*PROMPT*: Up to and including the line holding "Jesień, Rzeka, Las, Kamienie", write out the data exactly from its first line, but not the pictures.

*PROVIDED DATA*:
++++

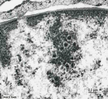 visibles au sein de la frange, au contact même de la chromatine
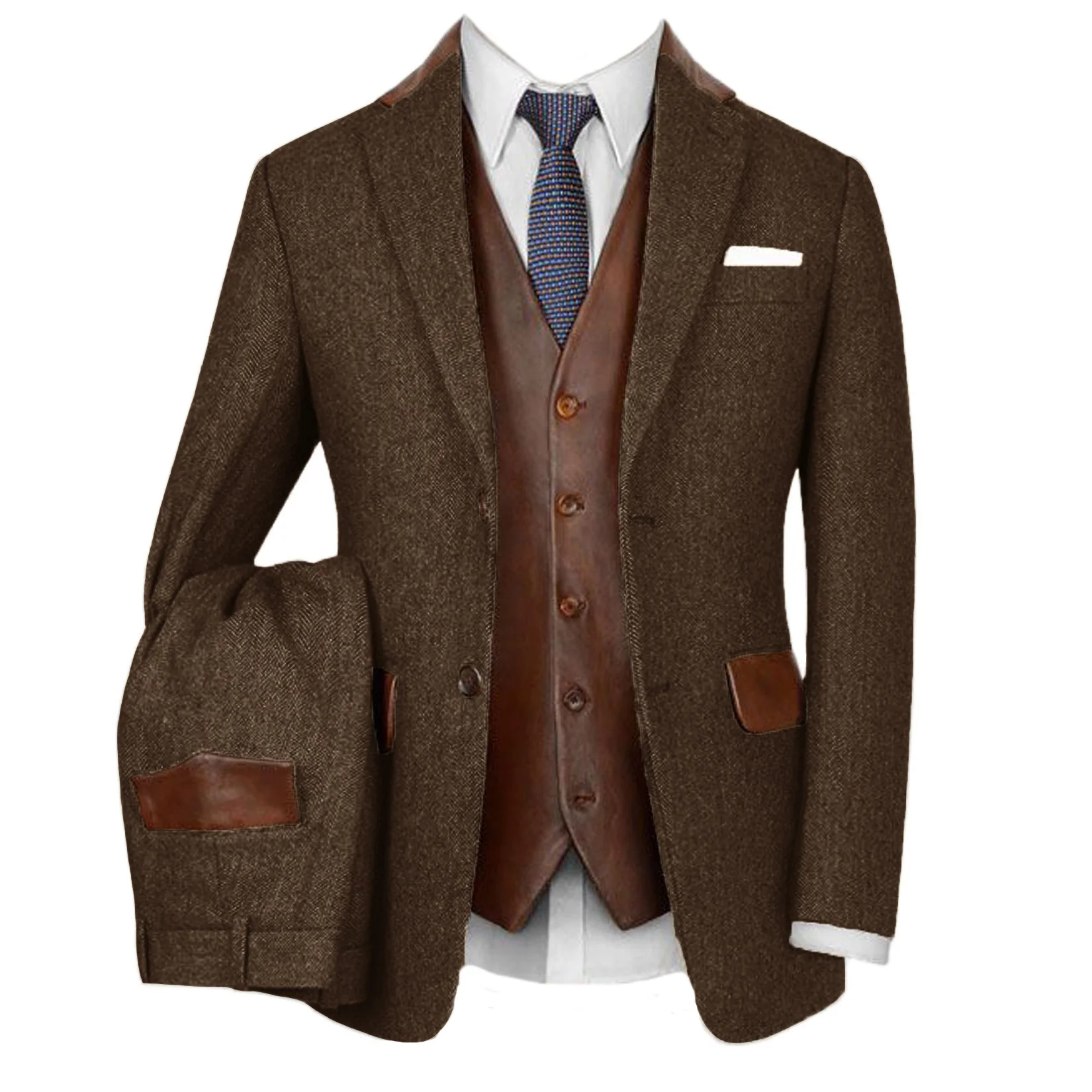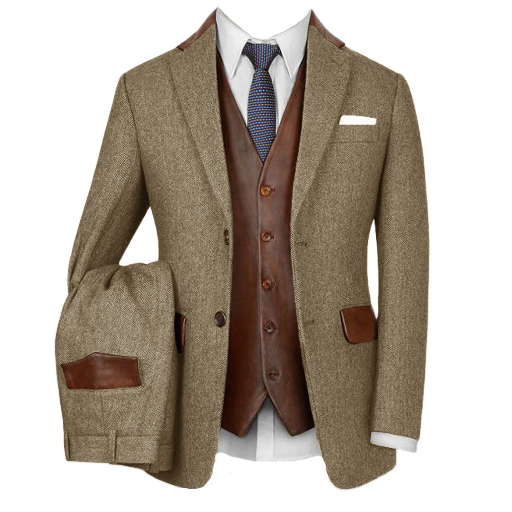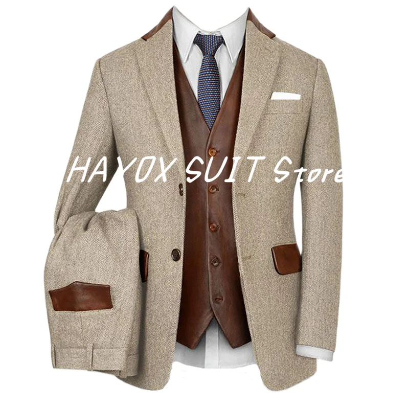 Men's Suits Retro Light Beige Tweed Slim Fit Single-breasted Suit Two-piece Suit
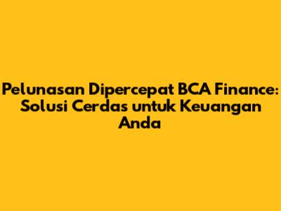 Pelunasan Dipercepat BCA Finance: Solusi Cerdas
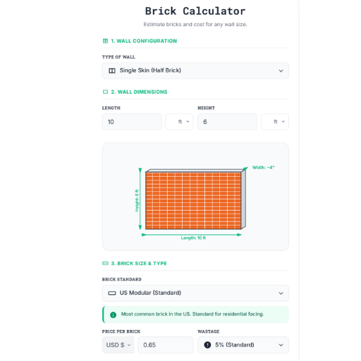 The last step is Brick Size & Type, where you can be very precise. You pick your Brick Standard—for instance, “US Modular”—and the standard measurements (usually 7 5/8″ x 2 1/4″ x 3 5/8”) get automatically applied to your selection. Moreover, a small info box confirms that this is the standard for the residential-facing side, which adds a bit more confidence to your decision. Most importantly, this section handles your budget. Entering the price per brick (e.g., $0.65) and selecting a wastage rate (typically set at 5%) are among the steps the calculator performs. The calculator doesn’t just count bricks; it estimates your financial outlay based on unavoidable on-site breakage.
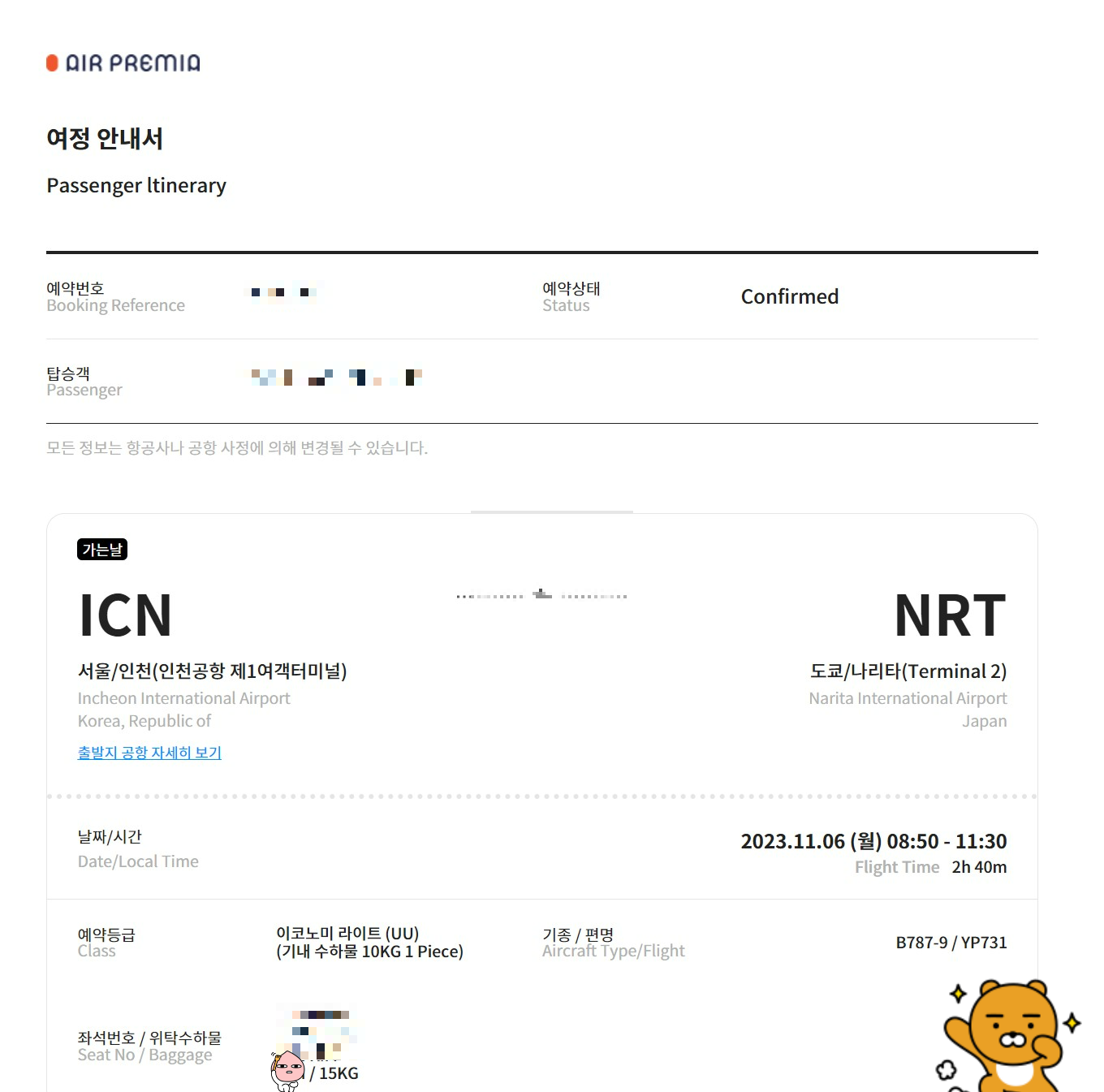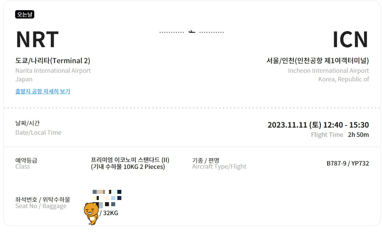 올때   나리타 → 인천      프리미엄 이코노미 스탠다드
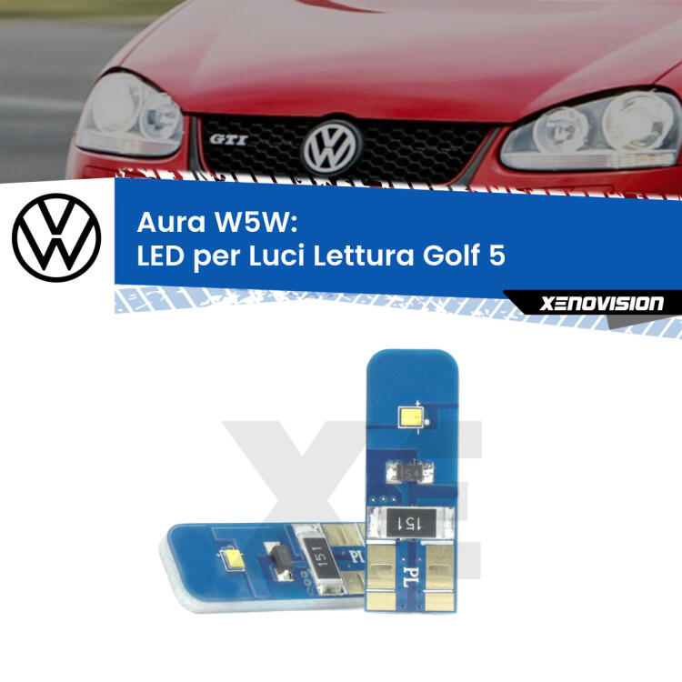 Aura W5W: LED per Luci Lettura Golf 5 2003 -2009 FINE SERIE: NO GARANZIA
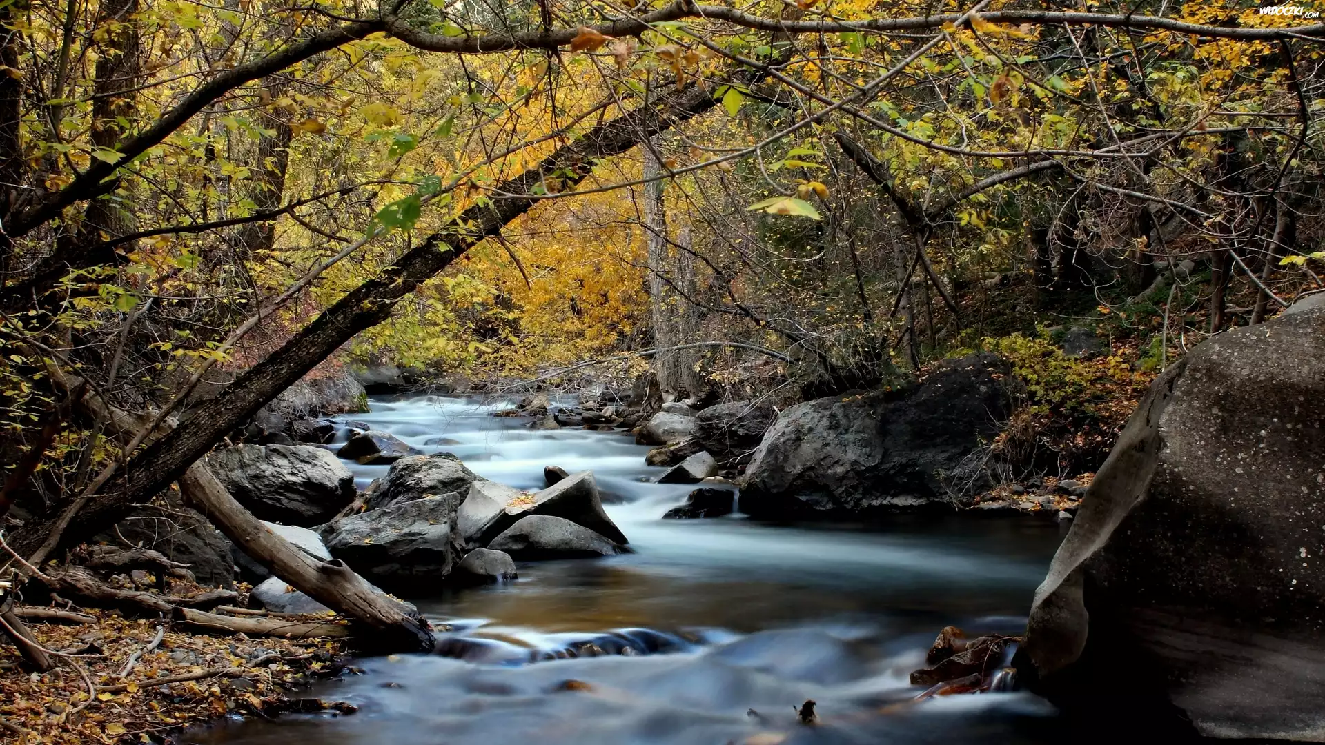 Jesień, Rzeka, Las, Kamienie
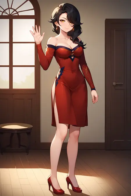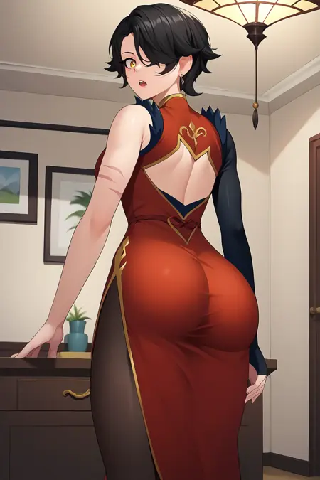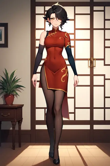 ➜ CinderFallRWBYXL,黄眼睛,黑发,短发,头发遮住一只眼睛,脸上有疤痕,耳环,中等胸部,单肩裸露,中式服饰,红裙,长袖,黑色肘套,单侧肘套,黑色连裤袜,黑色高跟鞋
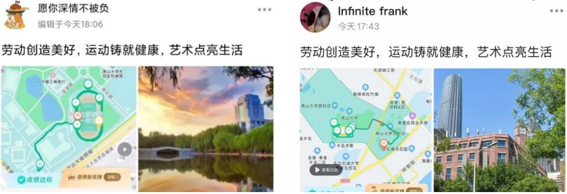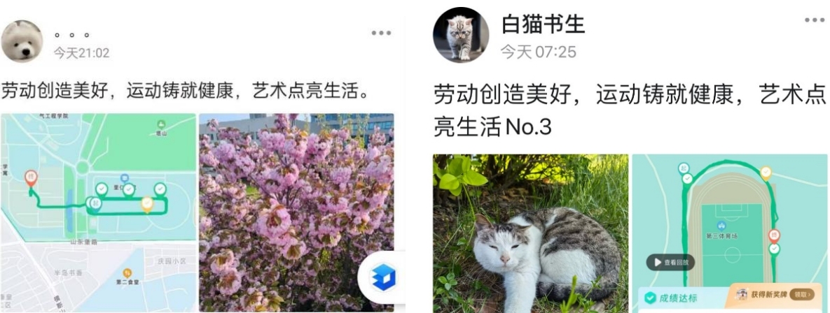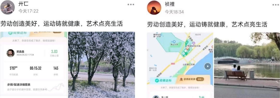 此次活动规则简单易懂,同学们在QQ空间晒出自己的跑步记录以及在跑步过程中拍摄出精彩绝伦的校园照片,附上“劳动创造美好,运动铸就健康,艺术点亮生活”。

++++

*FINISHED EXERCISE*:
 visibles au sein de la frange, au contact même de la chromatine
 Men's Suits Retro Light Beige Tweed Slim Fit Single-breasted Suit Two-piece Suit
 Pelunasan Dipercepat BCA Finance: Solusi Cerdas
 The last step is Brick Size & Type, where you can be very precise. You pick your Brick Standard—for instance, “US Modular”—and the standard measurements (usually 7 5/8″ x 2 1/4″ x 3 5/8”) get automatically applied to your selection. Moreover, a small info box confirms that this is the standard for the residential-facing side, which adds a bit more confidence to your decision. Most importantly, this section handles your budget. Entering the price per brick (e.g., $0.65) and selecting a wastage rate (typically set at 5%) are among the steps the calculator performs. The calculator doesn’t just count bricks; it estimates your financial outlay based on unavoidable on-site breakage.
 올때   나리타 → 인천      프리미엄 이코노미 스탠다드
 Aura W5W: LED per Luci Lettura Golf 5 2003 -2009 FINE SERIE: NO GARANZIA
 Jesień, Rzeka, Las, Kamienie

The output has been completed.